Alexander Pope, poet and landscape designer was born in London on the 21st May 1688. Early on he was educated by relatives although he also attended subsequent Catholic schools. During the late-seveenteenth century, and Queen Anne's Protestant England, Pope pushed his Catholic background into the shadows. By 1700, the Pope family had moved to Benfield, Windsor Forest, from Hammersmith and this is where Pope's self-education began. There he embarked on a career as a poet and satirist by learning foreign languages as well as reading English literature.

By 1711, Pope's poetic career was well launched and he had amassed an influential network of friends including John Gay, Jonathon Swift and John Abuthnot, all Tory writers, as well as the Whigs, Joseph Addison (whose relationship with Pope later soured) and Richard Steele. Pope's health, however, was of some concern at this time. From the age of about fifteen, Pope had suffered from Pott's disease, or tuberculosis of the bone, which would affect him later in life by inhibiting his growth, causing fevers, the inflammation of the eye, as well as problems with his heart and lungs.

Pope's first work, Pastorals (1709) was an English pastoral in the Virgilian tradition. Pope's early work followed a similar trajectory to that of Virgil's as it began with the Pastorals to the Georgic Poem Windsor Forest (1714) and there to the mock epic Rape of the Lock (1712, 1714).

By his early twenties Pope had become one of England's most famous poets, and as such was the subject of attention from Addison and his Whig circle of friends. Having failed to capture Pope's talents for political purposes, Addison manoeuvred his protege, Thomas Tickell, into a position where he was offered a contract to translate Homer's Illiad. This was undertaken knowingly by Addison, in order to foil Pope's own translation that had been started since 1714. Despite the publication of a rival work, Pope still managed to make £5000 from both his publisher and subscribers.

Shortly after George I's accension in 1714, Pope found himself in a political arena that had become increasingly unstable for his Tory friends. Following the Jacobite Rising of 1715, and the targetting of Pope's aquaintences and their subsequent imprisonments and exiles, Pope moved to Chiswick under the protection of Lord Burlington. Burlington was at that time in the position to shelter Catholics. This situation led a short period where Pope had to tread carefully within political circles. He was soon on social terms with Sir Robert Walpole and began to attend informal suppers with the First Minister. It is likely that these connections were enforced by a small number of Walpole supporters who felt that Pope should be recruited into the interests of the powers that be.

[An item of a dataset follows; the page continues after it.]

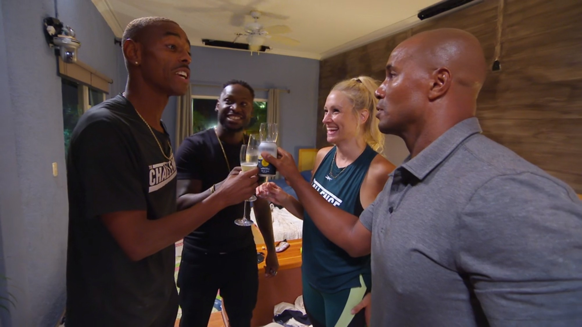 Laterrian and Nehemiah join Melinda and Teck as they celebrate victories in The Arena. As they have a toast, Brad comes to an epiphany that he is no longer working with his friend Nehemiah. Is this a surprise? It shouldn’t be. They’ve done three seasons together. On The Duel, Nehemiah’s underdog alliance was targeting Brad’s old-schooler alliance. On The Gauntlet 3, they were on opposite teams, but Brad had no allegiance to the Austin alliance. On Duel 2, Brad kept Nehemiah low in the pecking order. Now, tables have turned.

It was around this time, in 1719. that Pope leased a few parcels of land and cottages at Cross Deep, Twickenham. There he built a riverside Palladian villa in addition to the first 'wild gardens' in Britain. These included his famous grotto which contained rare and shining stones. This house and grounds were to become Pope's residence for the rest of his life.

During the mid- to late-1720s Pope wrote the Dunciads, a series of satirical poems that challenged the Hanoverian Kings as well as Walpole and his associates. These poems led to his reputation being associated with personal satire, and as such, he received an array of personal attacks that had resulted from the inclusion of initials that were inlayed within the poetry.

In the early 1730s Pope wrote both the 'Epistle to Burlington' on the subject of architecture as well as 'An Essay on Man'. The former was written in response to his growing unease with the Walpole administration and Pope's own movement towards the oppositiion led by Bolingbroke.

By the late 1730s Pope wrote little apart from writing the final book of the Dunciad (1742). He later died on the 30th May 1744 at his villa in Twickenham.